Let’s begin by recalling that a
trapezoid is a quadrilateral with one pair of parallel sides. An isosceles trapezoid is a special
type of trapezoid which has the additional property that the two nonparallel sides,
which are sometimes called legs, are equal in length. So let’s draw an isosceles
trapezoid. It has one pair of parallel sides,
and the other two nonparallel sides are equal in length. We can then use one of the
properties of the diagonals of an isosceles trapezoid. The diagonals of an isosceles
trapezoid create two congruent triangles at the legs. They also create two similar
triangles at the bases.
Be careful, however, this rule only
applies to isosceles trapezoids. For example, let’s take this
trapezoid which is not isosceles. The diagonals do not create two
congruent triangles at the legs. But let’s return to the isosceles
trapezoid and look at the angles. We can define the intersection of
the diagonals as point 𝐸. And then because we have two
congruent triangles, we can identify corresponding angles. The measure of angle 𝐷𝐴𝐸 must be
equal to the measure of angle 𝐶𝐵𝐸. Furthermore, the measure of angle
𝐴𝐷𝐸 is equal to the measure of angle 𝐵𝐶𝐸. Either of these pairs of congruent
angles would demonstrate that the measure of an angle created by a diagonal and side
is equal to the angle created by the other diagonal and opposite side. This means that isosceles trapezoid
𝐴𝐵𝐶𝐷, and any isosceles trapezoid, is a cyclic quadrilateral.
Although not all trapezoids are
cyclic quadrilaterals, all isosceles trapezoids are. So we can give the answer true.
We can summarize the previous two
examples by saying that although there are some quadrilaterals which may be shown to
be cyclic, there are three types which will always be cyclic. They are squares, rectangles, and
isosceles trapezoids.
Now, let’s summarize the key points
of this video.

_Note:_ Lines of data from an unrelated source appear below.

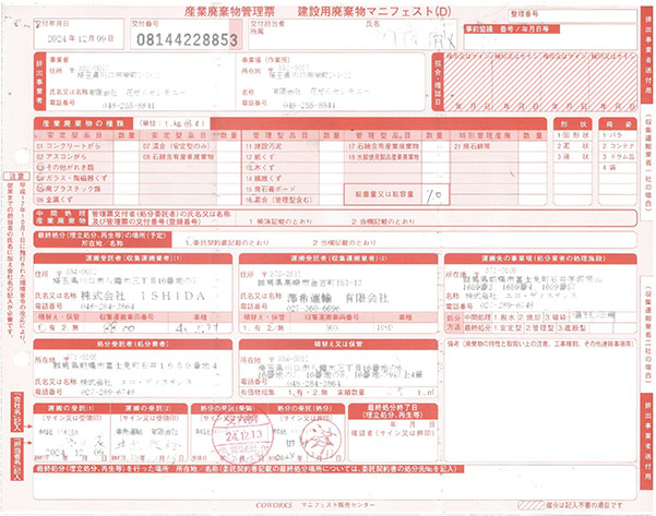 その後、東京都産廃プロフェッショナルISO14001を取得されてます、株式会社ISHIDAに委託しております。
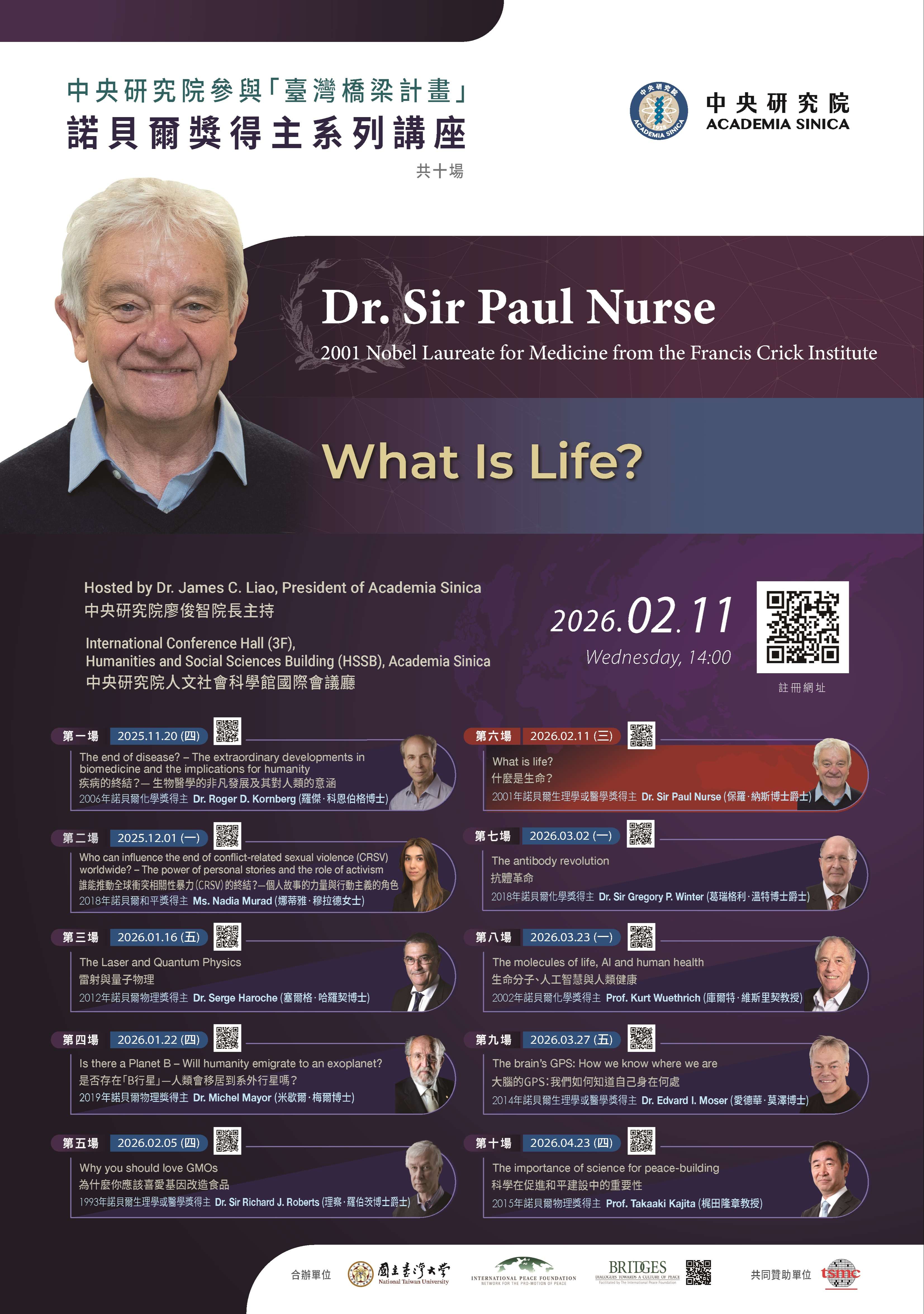 一、「臺灣橋梁計畫」自114年11月起至本(115)年4月,共將邀請 31 位諾貝爾獎得主訪問本院及全臺十餘所大學,相關資訊請參閱網站:https://www.peace-bridges.net/。
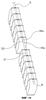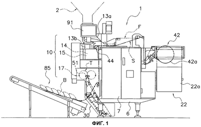 Расстояние между группами пакетов В равно расстоянию, на которое полоса S продвигается после прикрепления к полосе S последнего пакета В из группы пакетов В и до прикрепления к полосе S первого пакета В из следующей группы пакетов В. Обычно это расстояние устанавливают более длинным, чем упомянутый выше шаг транспортировки между соседними пакетами В в одной и той же группе. Режущее устройство 45 выполняет надрез 45а, а перфорирующее устройство 46 выполняет отверстие 46а в длинном интервале S2 полосы между одной группой пакетов В и другой группой пакетов В (см. фиг.14). Кроме того, режущее устройство 45 также может выполнить надрез, а перфорирующее устройство 46 также может выполнить отверстие в коротком интервале S1 полосы S, определяемом постоянным шагом транспортировки.
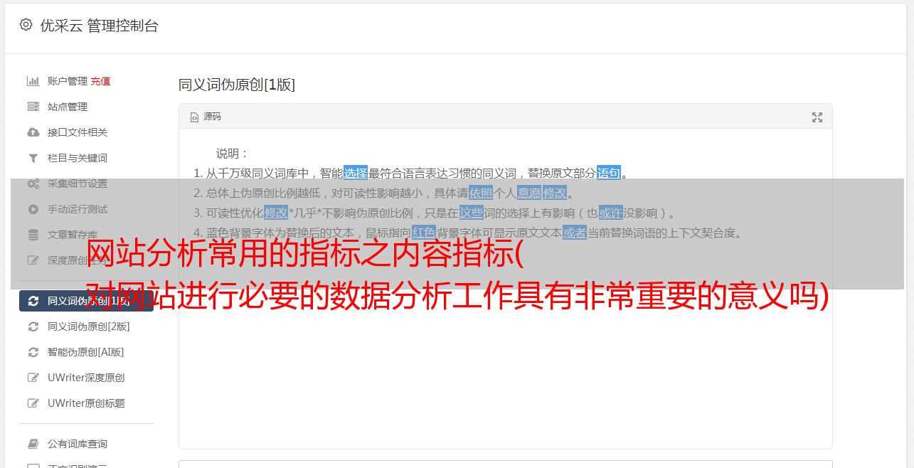 优采云 发布时间: 2021-11-12 10:09网站分析常用的指标之内容指标(
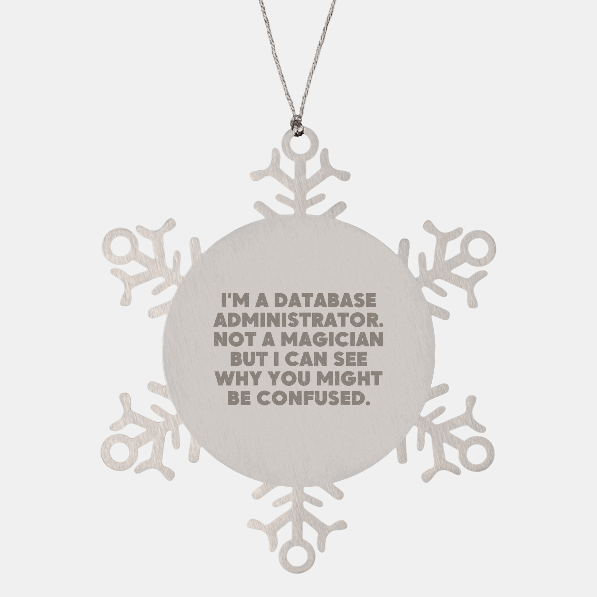 Are you a Database Administrator looking for a unique gift or a friend or family member seeking a thoughtful present for a fellow Database Administrator? Look no further! Our funny quote Snowflake Ornament is the ideal gift for Christmas. Crafted from premium stainless steel, this shatterproof ornament measures 3.14 inches in diameter and ensures durability and safety. As a Database Administrator, you know how important it is to have a sense of humor, and this quote will bring a smile to your face: 'I'm A Database Administrator. Not A Magician But I Can See Why You Might Be Confused.' Perfect for hanging on your office door or giving as a gift, this Snowflake Ornament is a thoughtful and humorous way to celebrate the holiday season. Whether you're a Database Administrator yourself or know someone who is, this gift is sure to delight. So why wait? Order your Snowflake Ornament today and make this Christmas one to remember!
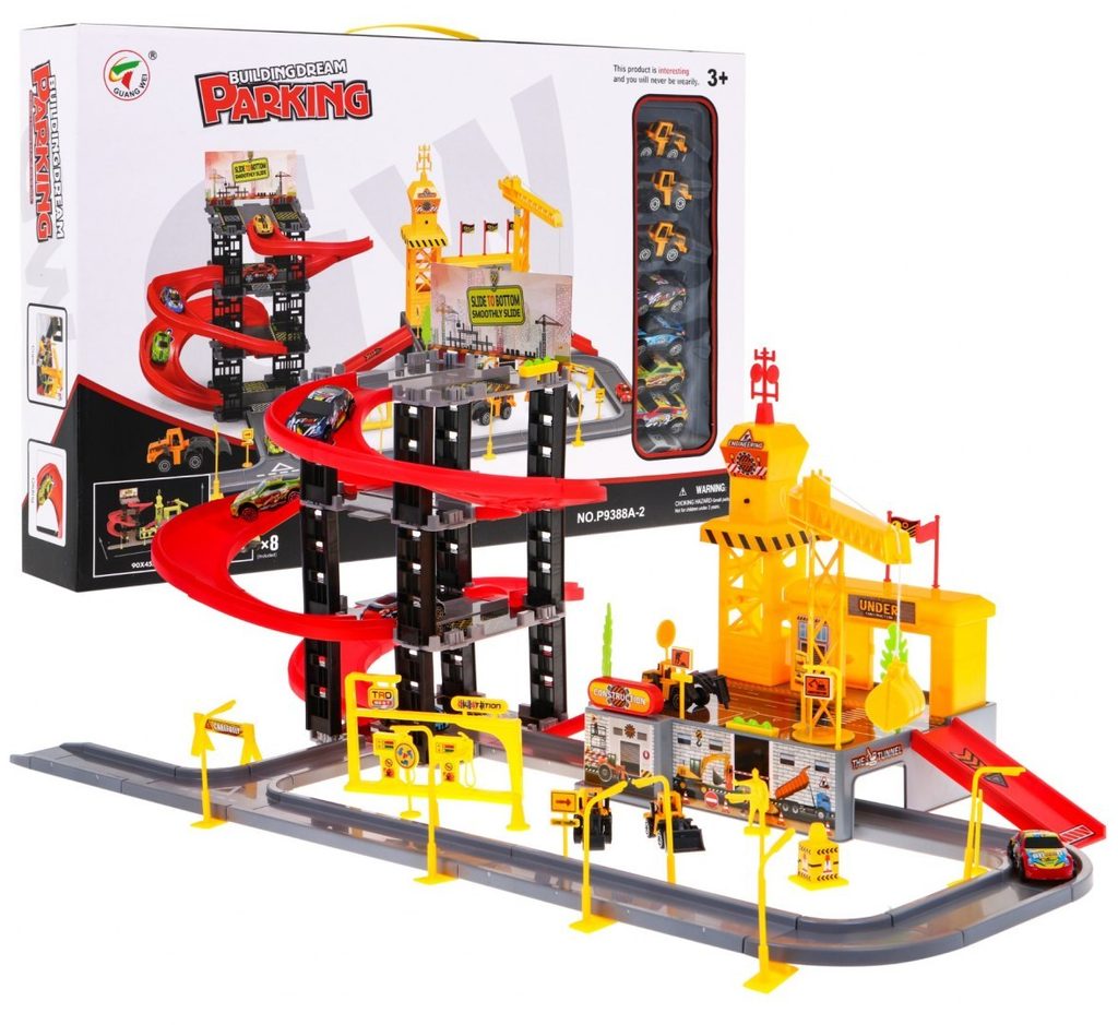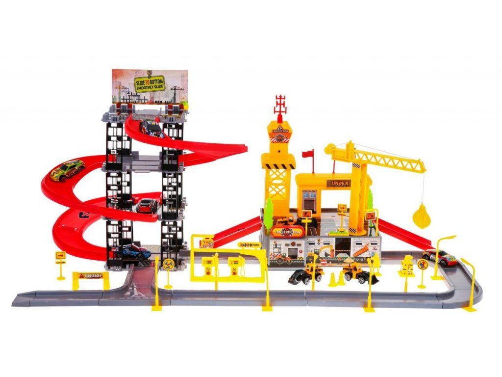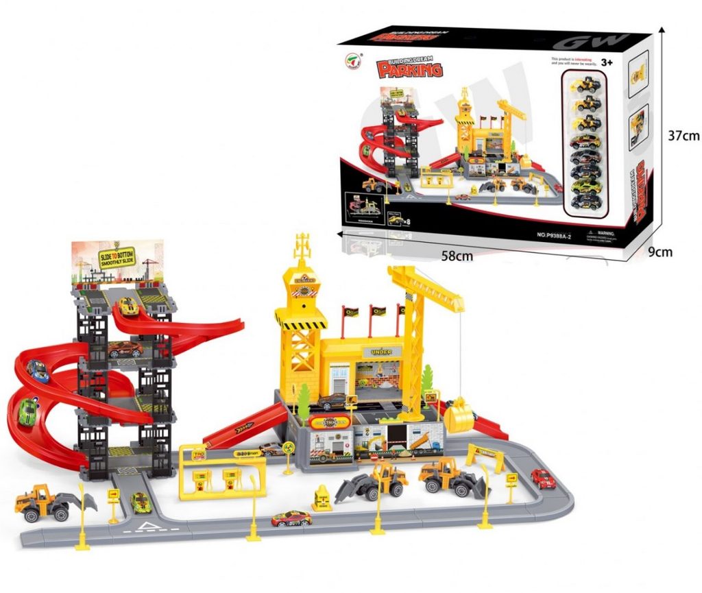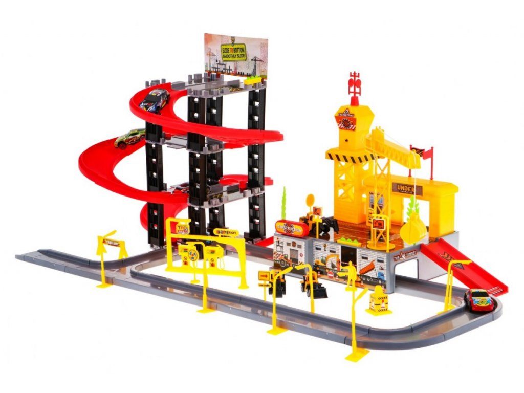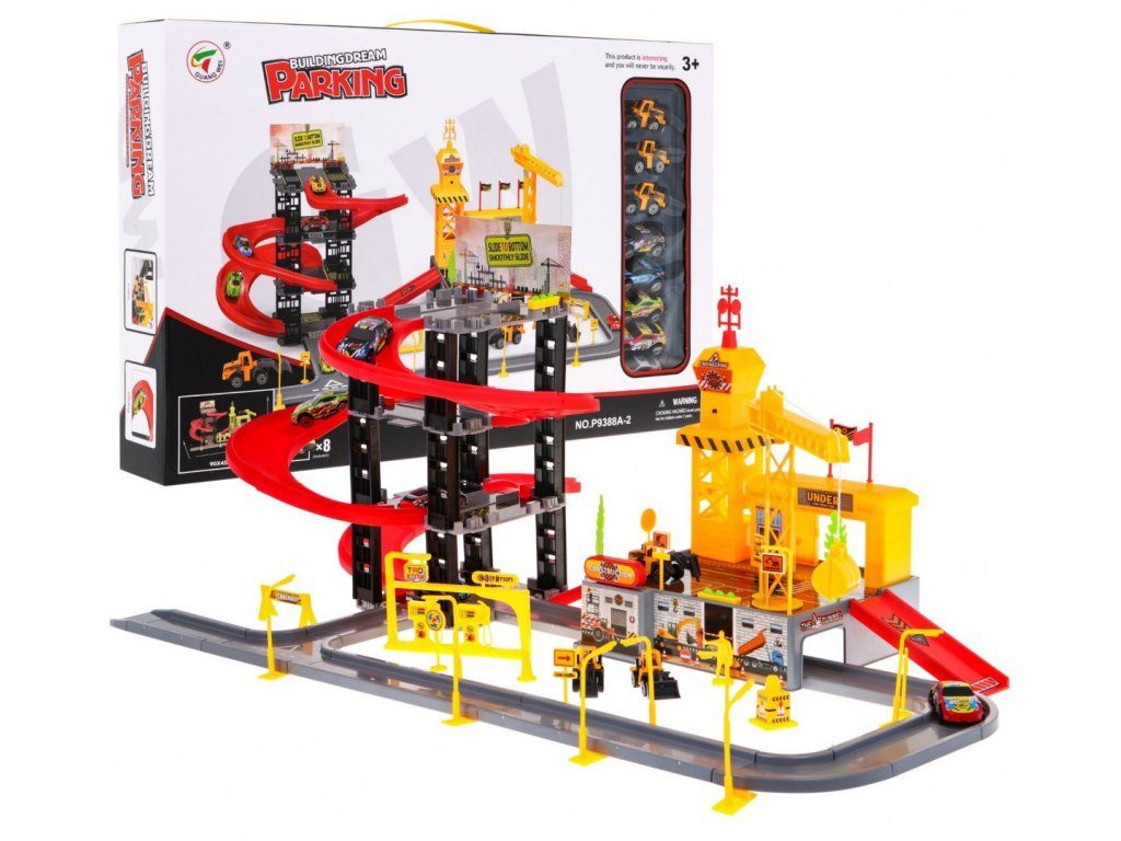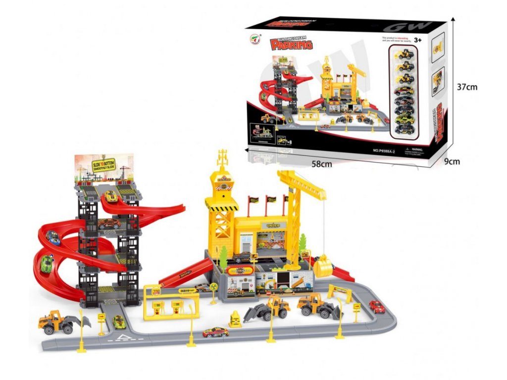 Dětská patrová garáž s 8 autíčky a staveništěm Building Garage. V jedná části najdete 4 patrové parkoviště se sjížděcí dráhou, ve druhé je potom stavební část s tunelem, jeřábem a věžičkou, která vydává zvuky alarmu. 5 autíček jsou osobní auta a ostatní jsou stavební stroje. Součástí parkoviště jsou taky dopravní značky, benzínová pumpa, pouliční lampy, postavička dělníka a nálepky. Mladý motoristický nadšenec zde nalezne vše co potřebuje. Vyrobena z plastu bez ostrých hran a určena pro děti od 3 let
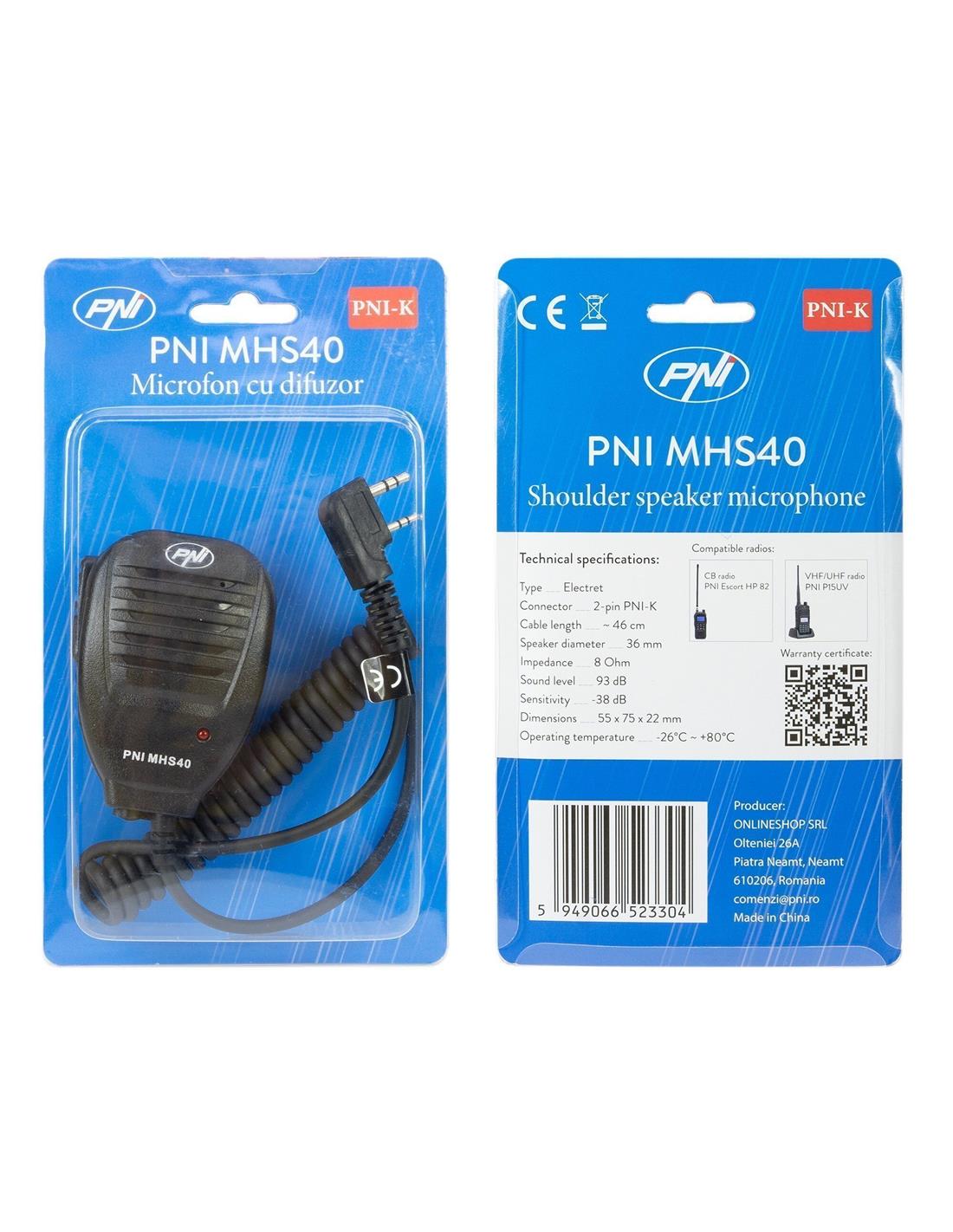 El micrófono PNI MHS40 es compatible con radios portátiles PMR o VHF/UHF de doble banda equipadas con una toma de accesorios externa PNI-K (Kenwood) de 2 pines.
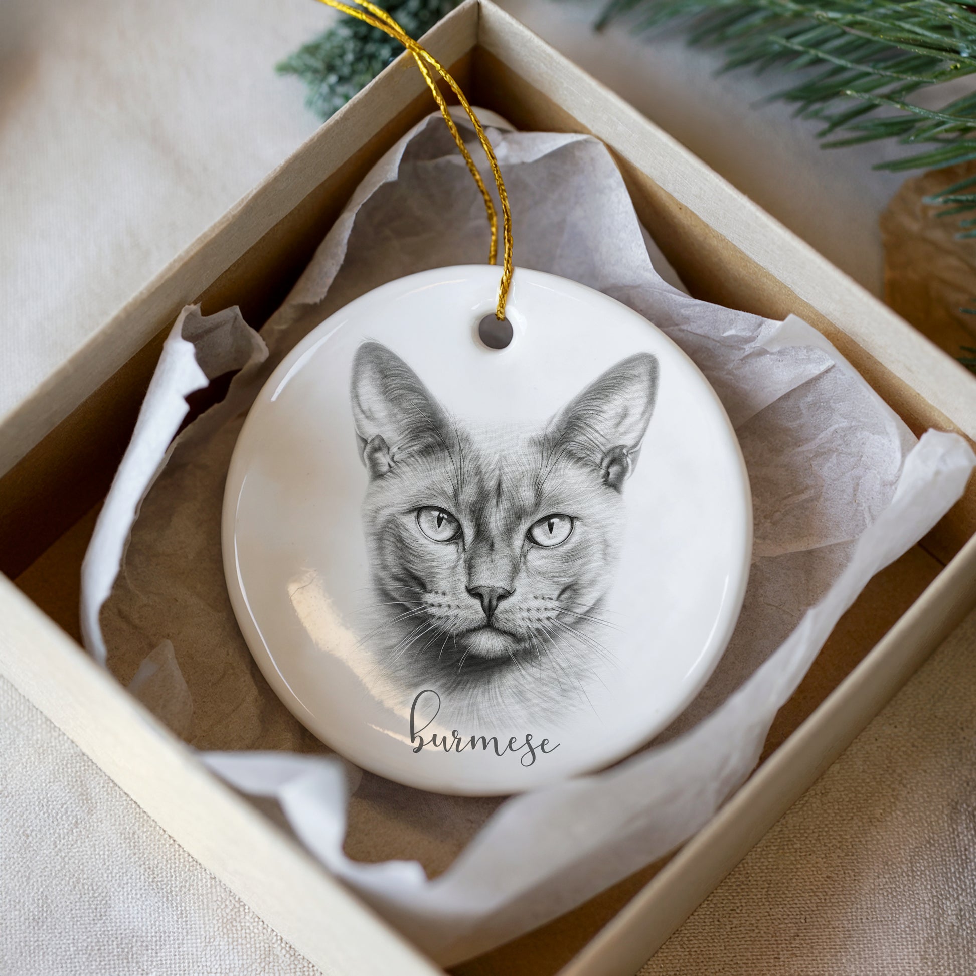 Personalised Burmese cat Christmas bauble, Burmese cat ceramic bauble, cat lovers Christmas gift, Burmese cat gift
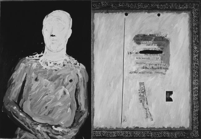Фото 3. Арнольд Мешес. Досье ФБР, 35. 2002. 152 х 221 см. Краска и бумага на холсте. Из коллекции художника. Репринт The FBI Files © 2004 by Arnold Mesches, by permission of Hanging Loose Press
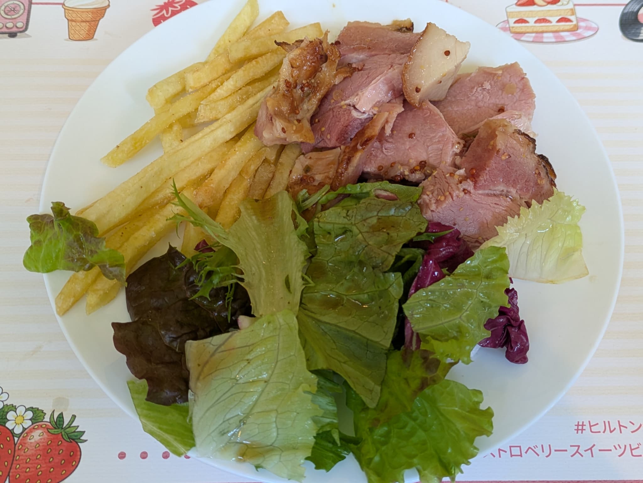 さてさて、ポテト🍟肉🥩サラダ🥗という見事なまでの3点盛り。
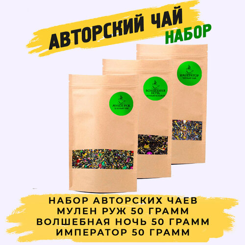 Набор чая. 3*50 грамм. Черный чай, зеленый чай, черно-зеленый чай. Авторские чаи. Мулен Руж, Император, Волшебная ночь.
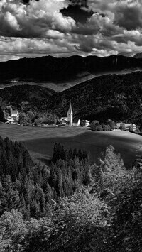 Edytor tapety: Kościół i domy w Heiligenblut am Groglockner

We began by noting that a cyclic
quadrilateral is a four-sided polygon whose vertices are inscribed on a circle. In a cyclic quadrilateral, the
angle created by a diagonal and side is equal in measure to the angle created by the
other diagonal and opposite side. The converse of this is also
true. Thus, one method we can use to
prove a quadrilateral is cyclic is by demonstrating that an angle created by a
diagonal and side is equal in measure to the angle created by the other diagonal and
opposite side. Finally, we also saw that all
squares, rectangles, and isosceles trapezoids are cyclic quadrilaterals.